On ressent également “un deuil anticipé”: on craint pour sa santé et pour les gens qu’on aime. “Une tempête se prépare. Il y a quelque chose de grave.” Le coronavirus est déroutant: “Notre esprit sait que quelque chose de mauvais est en train de se dérouler mais on ne peut pas le voir. Ça brise notre sentiment de sécurité. Nous ressentons cette perte de sécurité.” Et on apprend tant bien que mal à vivre avec.

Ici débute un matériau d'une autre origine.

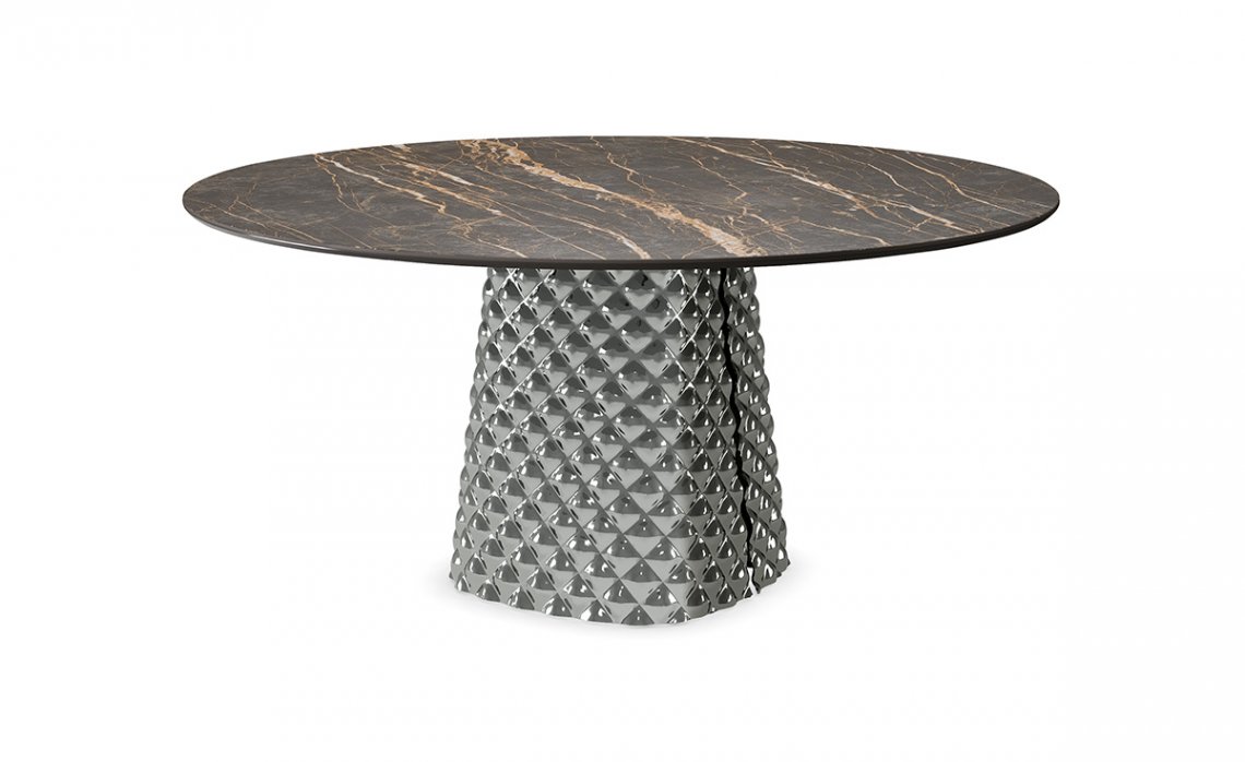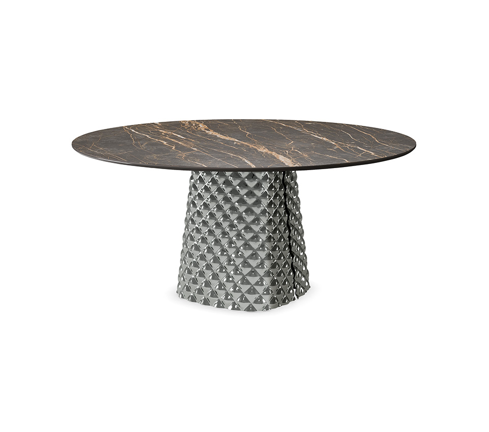 The central base consists of two finely worked plates of couture mirrored glass. The table creates a play of soft reflections, in which the surrounding objects and light sources reverberate. The glass is shaped with an unprecedented technique that gives the surface a three-dimensional effect like quilting on fabric. The table tops of the Atrium line range from wood to ceramics up to round tables in wood and ceramics combined.

Les étapes du deuil et pourquoi il faut accepter au plus vite la situation

David Kessler conseille de prendre conscience qu’il y a plusieurs étapes dans le deuil. Ces étapes ne se déroulent pas pour tout le monde dans le même ordre. Il y a le déni. “On se dit que le virus ne nous affectera pas.” Il y a la colère parce qu’on nous force à rester à l’intérieur. Vient ensuite la négociation: “Si je garde une distance sociale pendant deux semaines, tout ira mieux, n’est-ce pas?” Enfin, la tristesse: “Je ne sais pas quand ça va se terminer.” Et puis, l’acceptation: “C’est en train d’arriver, je dois trouver comme procéder.” Pour David Kessler, c’est dans l’acceptation de la situation que se trouve le pouvoir.

L'importance du moment présent

Pour tenter de vaincre la douleur physique que vous ressentez et qui est provoquée par le chagrin, essayez d’équilibrer vos sombres pensées. Non, toute votre famille ne va pas mourir. Dites-vous que si tout le monde prend les bonnes mesures, personne ne mourra. “Aucun des deux scénarios ne doit être ignoré mais aucun ne doit dominer l’autre. Le deuil anticipé, c’est l’esprit qui va vers l’avenir et qui imagine le pire.” Pour réussir à vous calmer, il faut revenir dans le présent. Regardez autour de vous. Nommez les objets qui vous entourent. Respirez. Dans ce moment que vous êtes en train de vivre, rien de ce qui vous traverse l’esprit ne s’est produit. “En ce moment, vous allez bien. Vous avez à manger. Vous n’êtes pas malade.”

“Vous pouvez aussi réfléchir à la façon de lâcher prise sur ce que vous ne pouvez pas contrôler. Ce que fait votre voisin est hors de votre contrôle. Ce qui est sous votre contrôle, c’est de rester à un mètre de lui et de vous laver les mains. Concentrez-vous sur ce point.”

Le sentiment qui doit dominer: la compassion

Enfin et surtout, faites preuve de compassion. La peur et le chagrin se manifestent de façon différente chez tout le monde. Rappelez-vous de ce que sont les gens habituellement et pas de ce qu’il semble être aujourd’hui. David Kessler rassure: “Il s’agit d’un état temporaire. Il est possible de survivre à cette situation. Nous survivrons.” Autorisez-vous à ressentir les sentiments qui vous traversent. Vous pourrez, une fois que cette période trouble sera terminée, trouver du sens à cette situation. Et vous profiterez alors du nouveau regard que vous porterez sur votre vie.